Stacey Malinowski: Hi, thanks for having me.
Dr. Bjorn Mercer: Absolutely wonderful topic of conversation. There’s so many different ways to attain your nursing education. So what entry ways into nursing are there for those who want to become a nurse?
Stacey Malinowski: Well, that’s a great question. And there are a ton of different ways which sometimes can add to a little bit of confusion when it comes to, how can I become a nurse? Right now, there’s several different pathways you can come in as a nurse with an associate’s degree. This would be a two-year program that you take at a community college.
They still have in some parts of the country what’s known as a diploma program, and diploma nursing programs are usually offered in conjunction with a healthcare organization. So you do all of your nursing courses and you do have some general education courses like your sciences that you would get during that type of program, and you would come out with what they call a nursing diploma. Then you can go to a four-year degree program and get out with a bachelor’s degree and enter the nursing profession that way.
And now they even have a master’s entry-level nursing, which is typically referred to as a clinical nurse leader program. So when you’re trying to decide, “Okay, I want to be a nurse. What’s the best way for me to get started?” I say, look at the time that you are willing to invest. Look at the schools near you, see what programs they have to offer and see what the trends are in your state as far as nursing education.

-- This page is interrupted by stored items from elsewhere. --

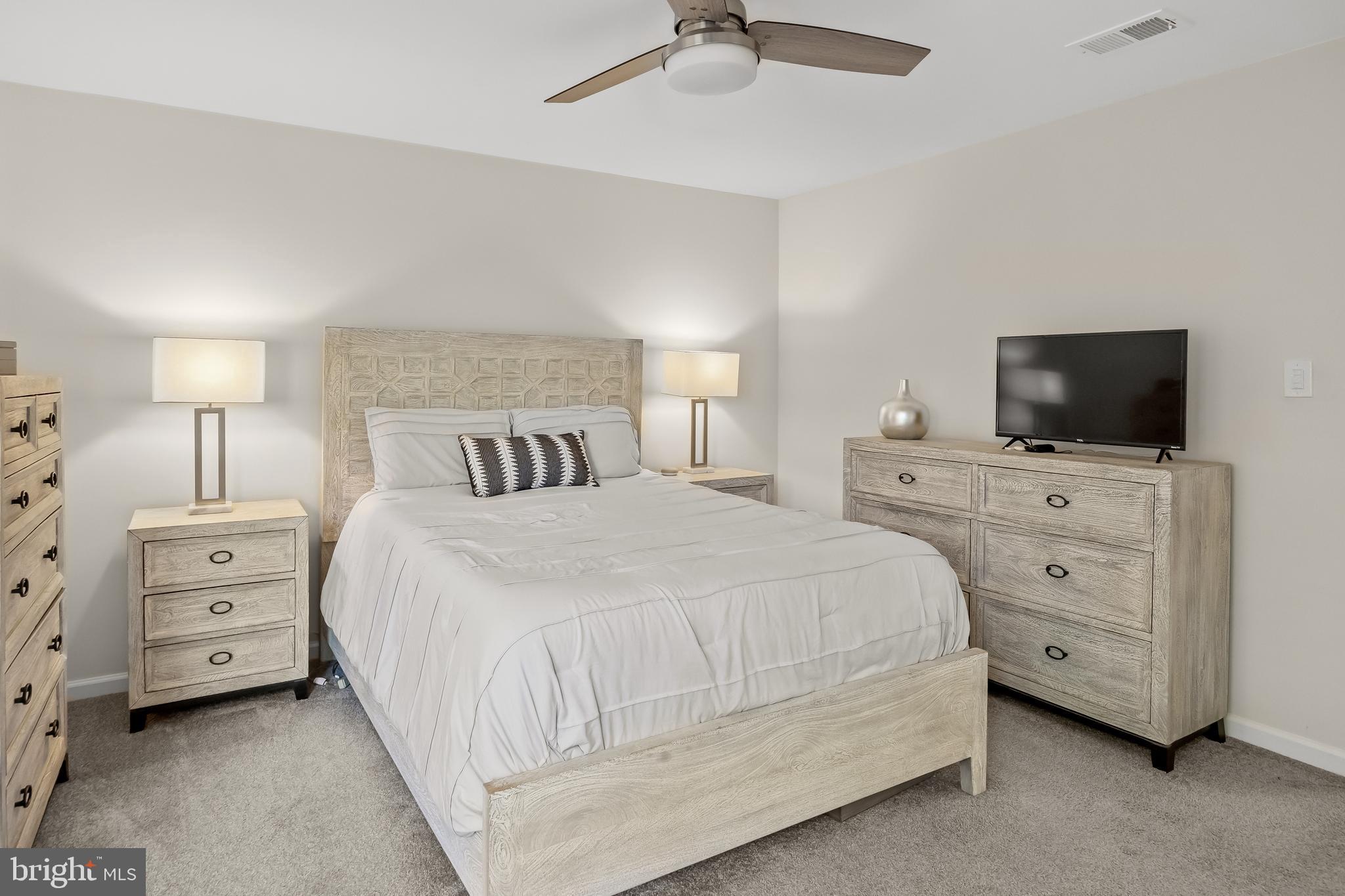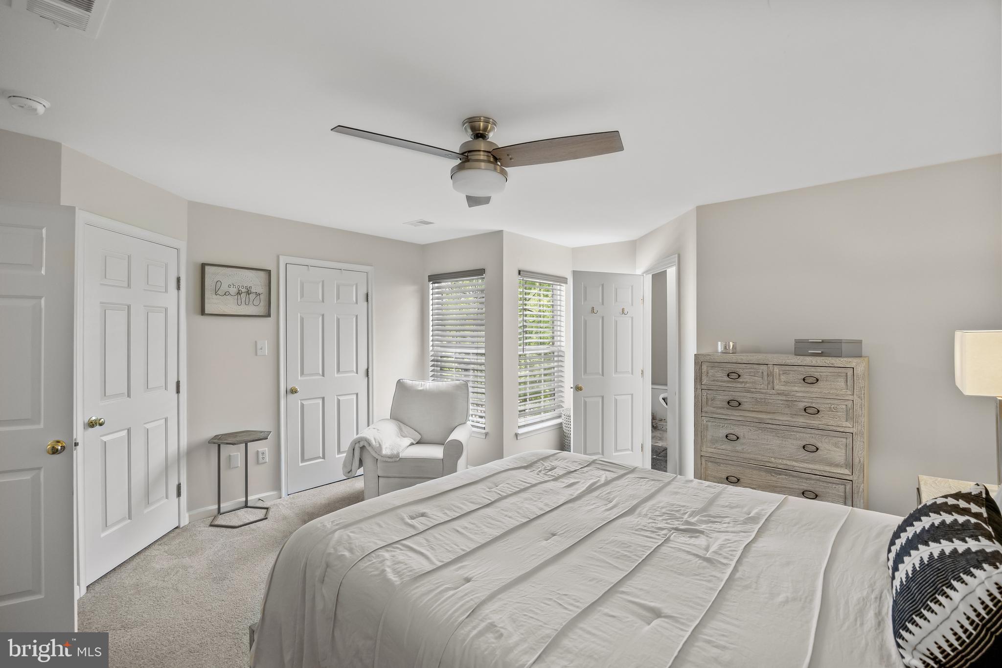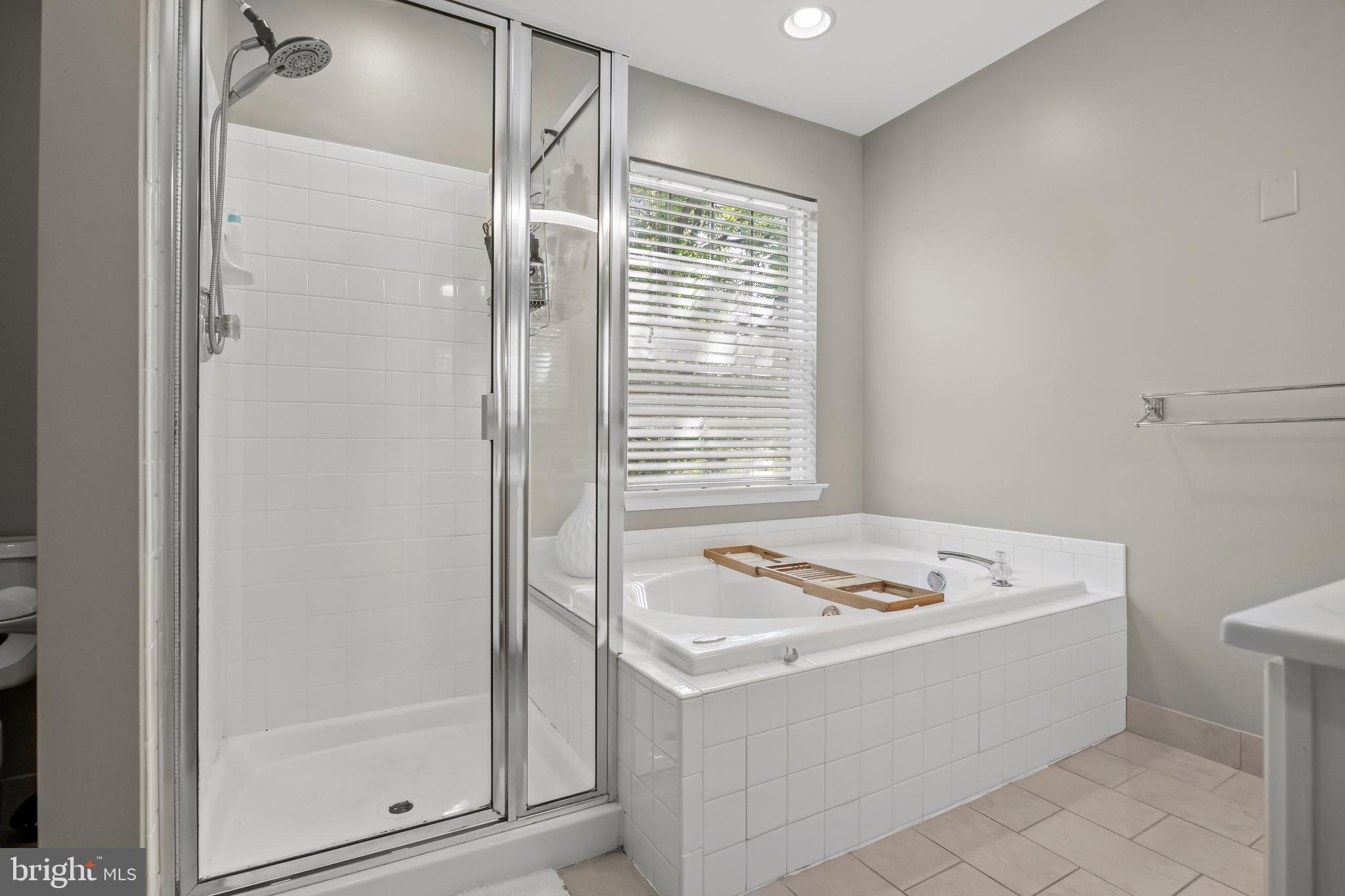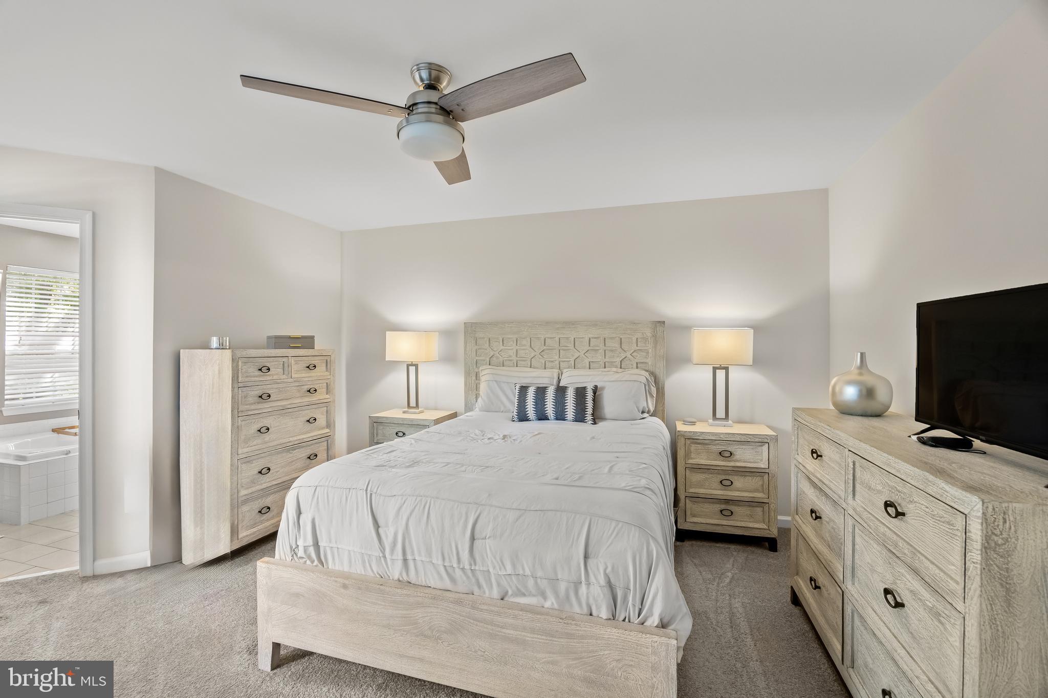 Upstairs, the primary bedroom is a well-proportioned haven with a large walk-in closet and an additional closet for ample storage. The ensuite bath offers a walk-in shower and a separate soaking tub, designed for relaxation and rejuvenation. The second bedroom, equally generous in size, provides extensive closet space and is conveniently located near the hall full bath.
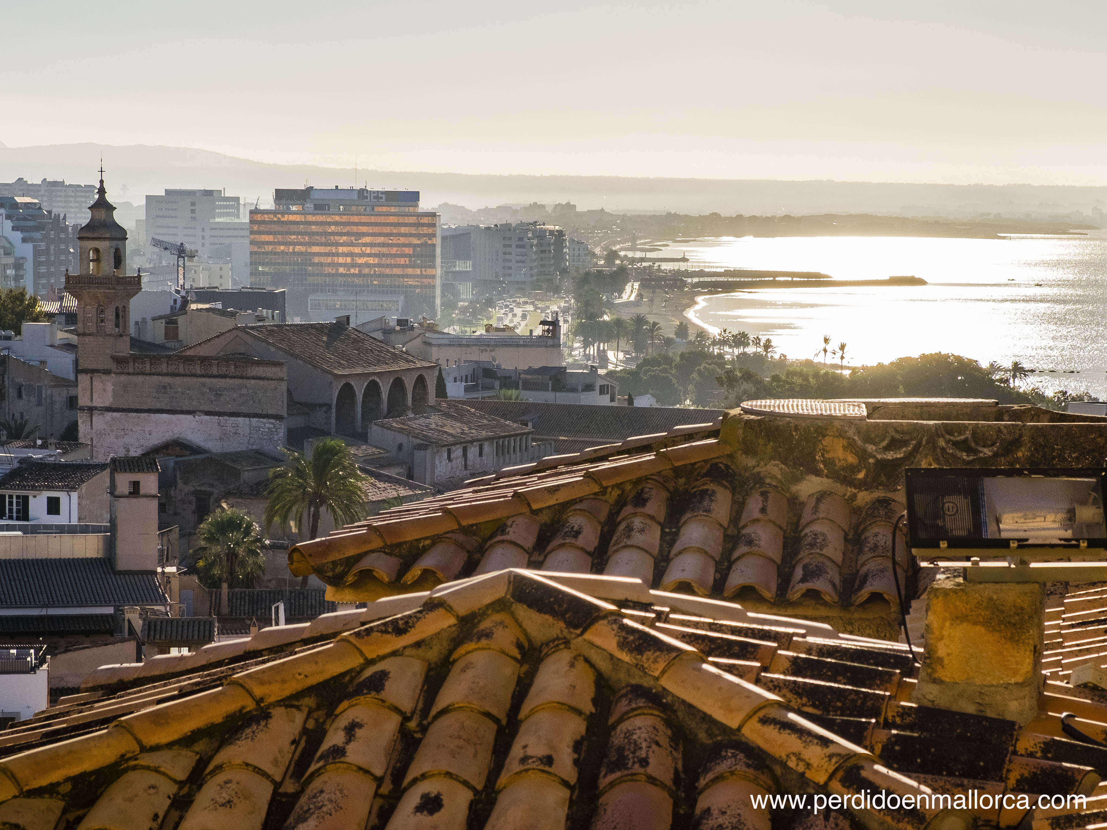 Hacia el Este se ve la Iglesia del Convento de Sta. Clara, el edificio Gesa y la playa de Can Pere Antoni
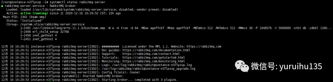 看到如下截图即表示 RabbitMQ 服务启动成功
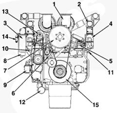 1渦輪增壓器進(jìn)口接頭,2 ATA 跨接接頭,3排氣口接頭,4發(fā)動(dòng)機(jī)轉(zhuǎn)速傳感器,5冷卻液出口接頭,6前吊耳,7飛輪殼,8曲軸箱通風(fēng)裝置,9風(fēng)扇輪轂,10充電機(jī),11冷卻液液位開關(guān)接頭,12組合式機(jī)油濾清器,13燃油進(jìn)口管接頭,14后吊耳。
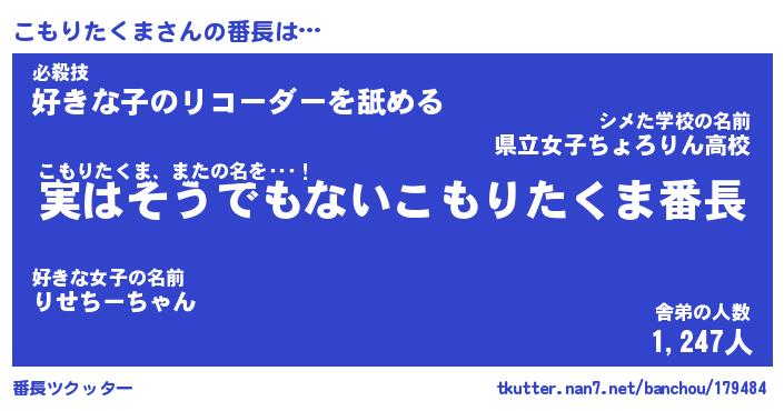 | 伝説のあだ名 | 『封印されしスナイパーこもりたくま』 |
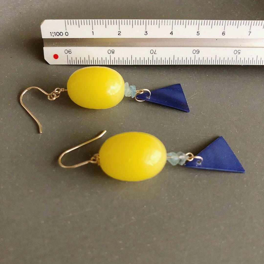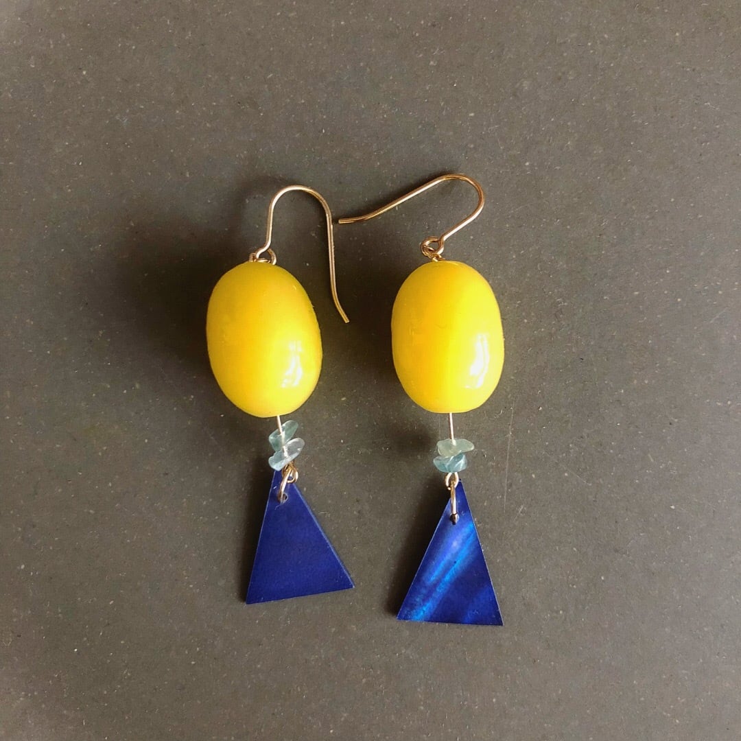 蚤の市で仕入れたとても大きく黄色がきれいなアンティークガラスパーツ、そして同じく蚤の市で手に入れたアンティークのフローライトと青色に染められたトライアングル型のシェルを合わせ、爽やかに仕上げました。
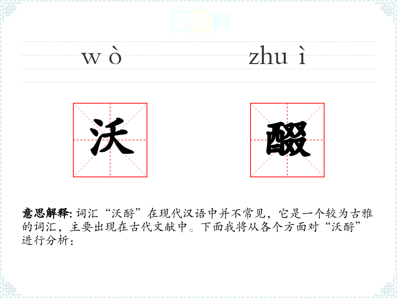 “沃酹”作为一个古雅的词汇,虽然在现代汉语中使用频率不高,但它承载了丰富的历史文化信息,对于理解古代社会和文化具有重要意义。在语言学*和表达中,了解这样的词汇有助于丰富语言的层次和深度。
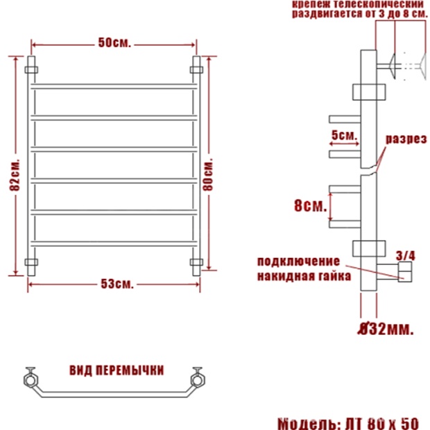 Terminus Евромикс Полотенцесушитель "" П8 500х800 мм, установочный набор в компл., БЕЗ уголков и отражателей ZZ n092546

For example, I am in the state of Maryland. There is a national push for nurses to enter with bachelor’s degrees. However, in Maryland, you can still go to an associate’s degree program, but the expectation is that you will get your bachelor’s degree very quickly after earning your associate’s. So you want to have an idea of what the trends are in your area.
Dr. Bjorn Mercer: And that segues perfectly to the next question: What is the benefit to nurses to pursuing higher education beyond their initial nursing degree? So, for example, with the associate’s or the RN, I should say.
Stacey Malinowski: Yes. Perfect. So I know and have known many wonderful, wonderful nurses that have never chosen to go back to school beyond their diploma or beyond their associate’s degree, and they make fantastic direct care nurses and you cannot beat their level of expertise they have from being at the bedside for so long.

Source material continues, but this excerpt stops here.